Rancangan pembelaran P5 tentu harus berpusat pada siswa (student centered learning). Pembelajaran yang berpusat pada siswa ya pembelajaran berdiferensiasi itu. Pembelajaran yang memberi keleluasaan pada siswa untuk meningkatkan potensi dirinya sesuai dengan kesiapan belajar, minat, dan profil belajar siswa.
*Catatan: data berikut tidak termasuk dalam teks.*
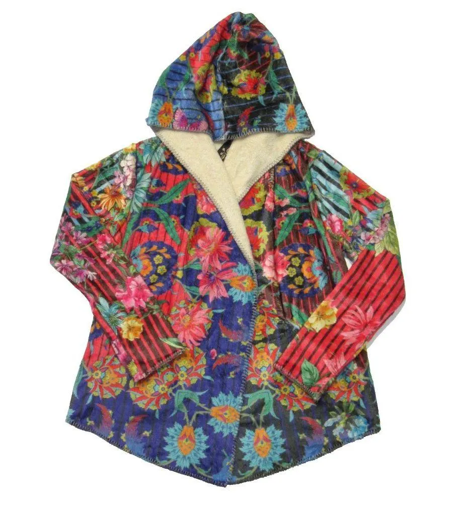 Up for purchase today is... Designer: Johnny Was Size: S Fit: Please do not go by size number but rather check measurements listed below to determine if the item will fit. Color: Multi Style/Design #: R43222 Material: 100% polyester Details: * A cozy statement style, the Rico Sherpa Jacket will keep you warm in the cooler months. Featuring a draped open front with a unique angled hemline, this hooded jacket is the perfect blend of form and function. Long sleeves. Side pockets. Dry clean. Imported. * Condition: New with tags Retail: $205 Measurements: Shoulder - 18" Chest - 42" Waist - 41" Length - 25 ½"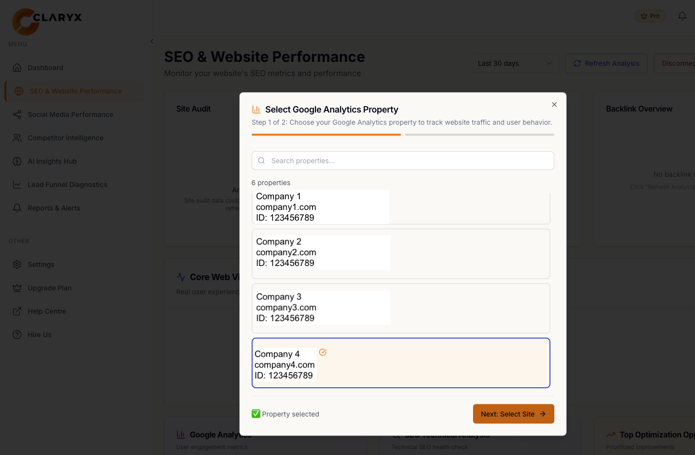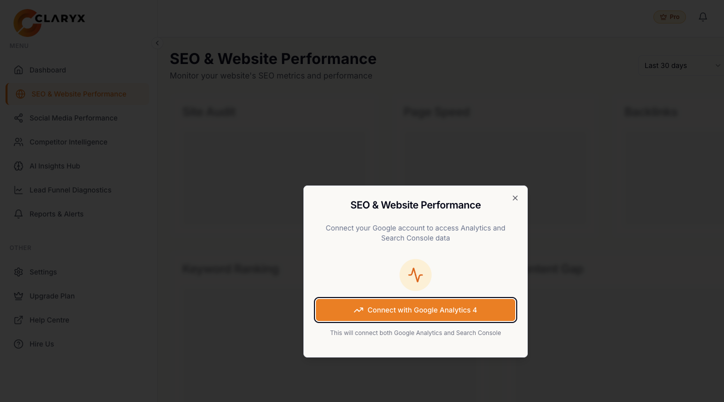 Connect your Google Analytics data directly into Claryx.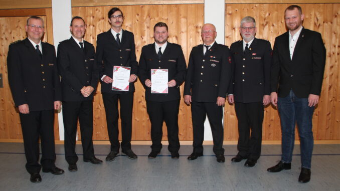Bei der Freiwilligen Feuerwehr Abteilung Mörtelstein wurden Pascal Streib (4. von links) zum Löschmeister und Benno Huber (3. von links) zum Feuerwehrmann befördert; gratuliert wurde Michael Kindermann (3. von rechts) zur Auszeichnung für 40-jährigen Feuerwehrdienst.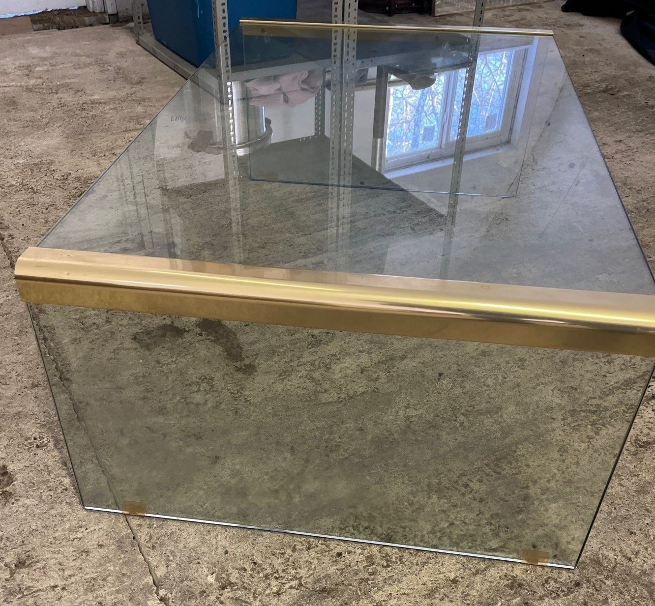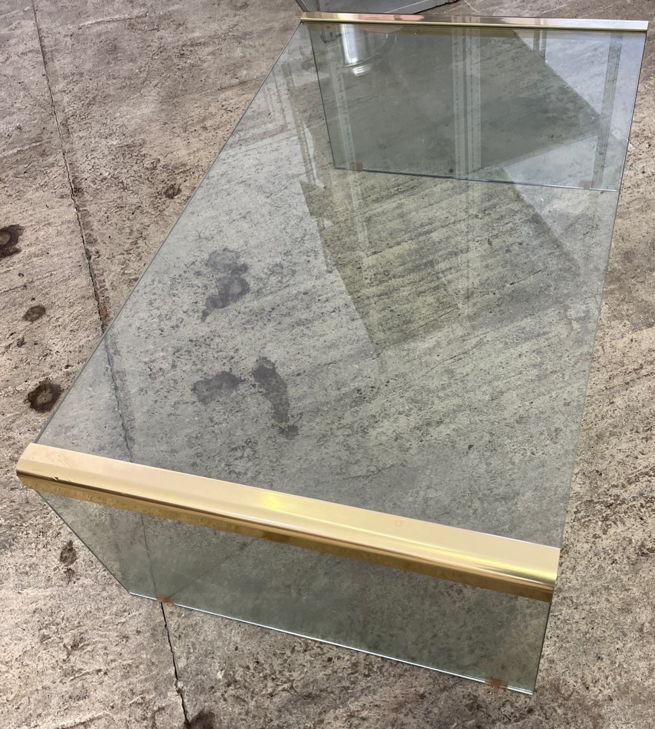 Glass and Brass Coffee Table 48Wx28Dx16H
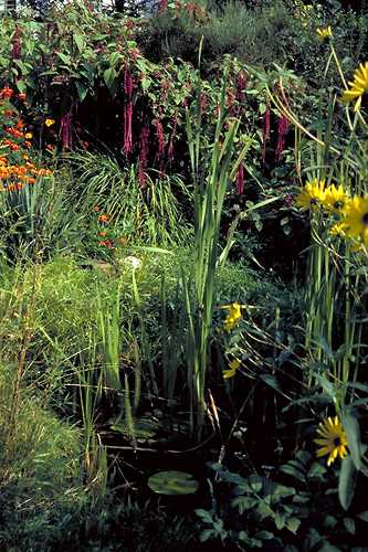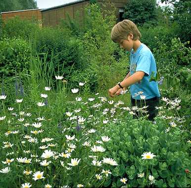 | Auch wenn der Teich kaum zu erkennen ist, beherbergt er doch viele Tiere und ist ein Erlebnisbereich für Kinder. | Ist Ihnen schon einmal aufgefallen, daß Kinder nicht so sehr auf hochgezüchtete Blumen stehen ? Insekten auch nicht. |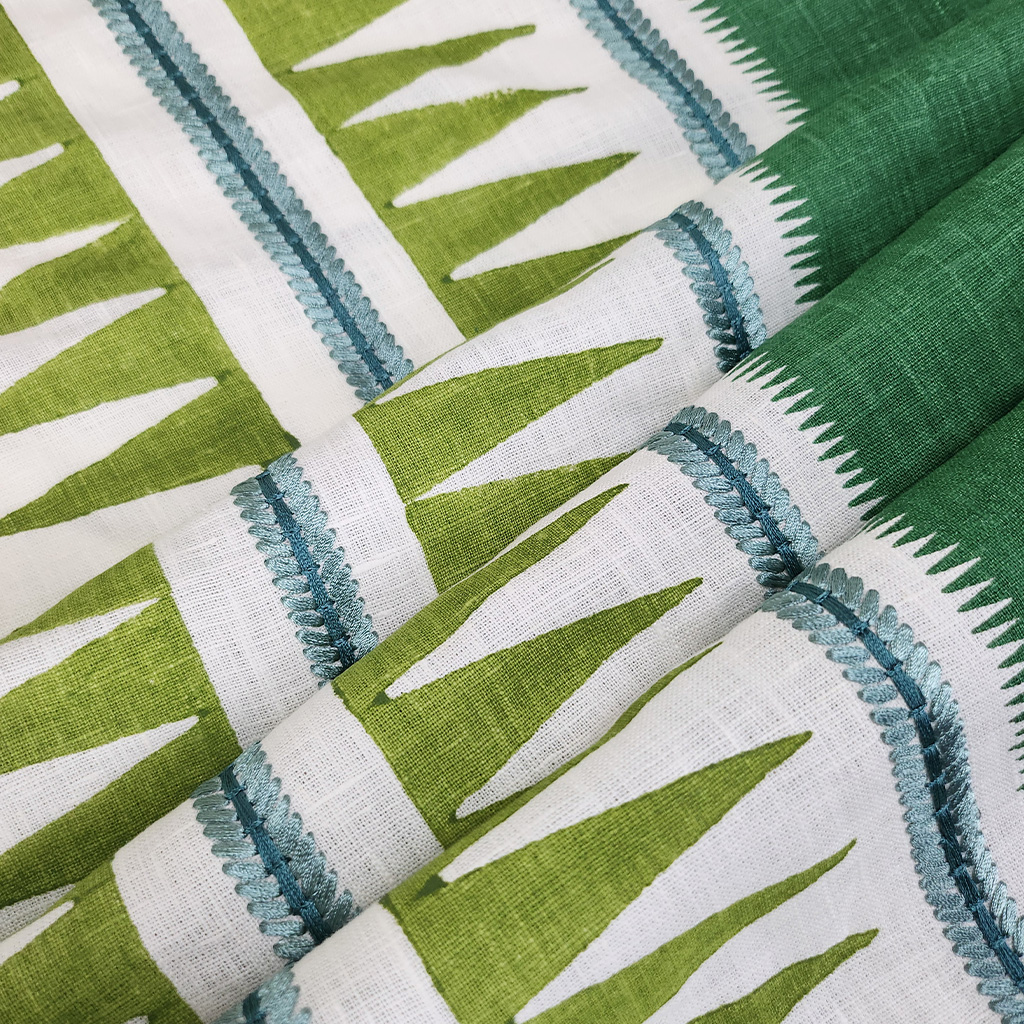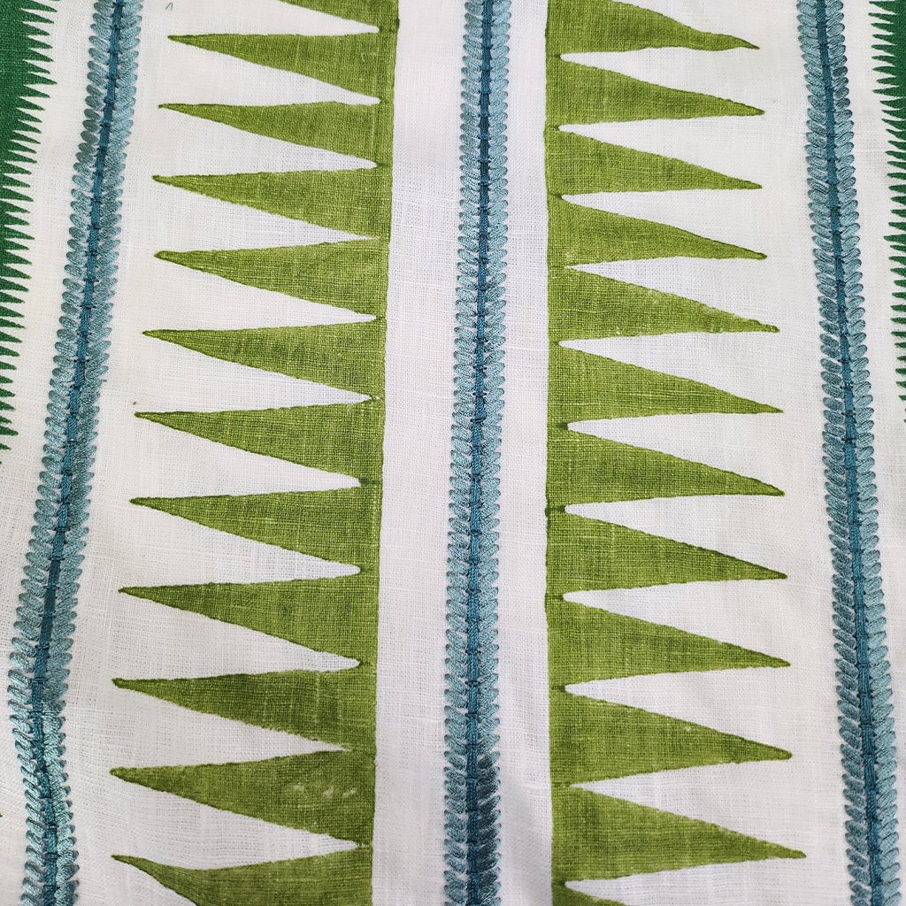 Kasper fabric is a striking geometric design featuring bold zig-zag stripes and textured detailing.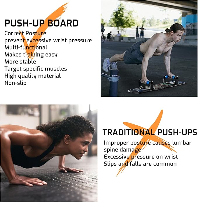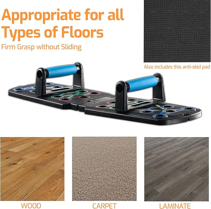 - [NON-SLIP HANDLES FOR ALL SURFACES]: This push up stand is equipped with premium grade, sturdy handles and a non-slip textured surface compatible with all floor types, ensuring maximum safety and proper adherence during intense workouts. The convenient grip improves your technique and reduces pressure on your wrists, while minimizing the risk of injuries!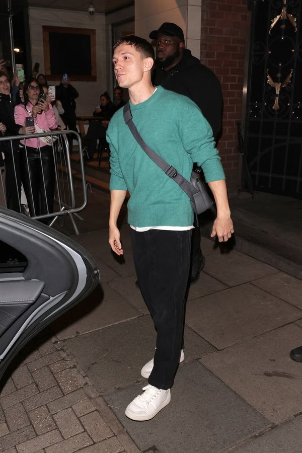 Tom Holland'ın çapraz askılı çantası sade, minimalist ve işlevsel; pratik kullanım için mükemmel.

Tidak hanya berfokus pada produk pembelajaran, tapi juga fokus pada proses dan konten/materi. Jadi, dengan pembelajaran berdiferensiasi itu guru lebih menghargai keberagaman siswa. Di sinilah pentingnya penanaman karakter kebhinekaan itu.

Karena pembelajaran berdeferesiansi pada dasarnya proses belajar mengajar yang menyesuaikan kemampuan dan kebutuhan masing-masing siswa. Maka, ketika tema P5 seperti bhineka tunggal ika, kearifan lokal, suara demokrasi, dan sebagainya diberikan pada siswa sesuai tahapan belajar dan kebutuhannya.

Siswa bisa benar-benar menjadi subyek pembelajaran yang dihargai, dihormati, dibebaskan, dan berkeadilan dalam mengakses pembelajaran. Sedangkan guru benar-benar sebagai fasilitator yang membimbing, menuntun (among) dan mendampingi siswa dalam mengembangkan potensi yang dimiliki. Dalam berproses tersebut diharapkan bertumbuh karakter kebinekaan yang baik dalam diri siswa sejak dini.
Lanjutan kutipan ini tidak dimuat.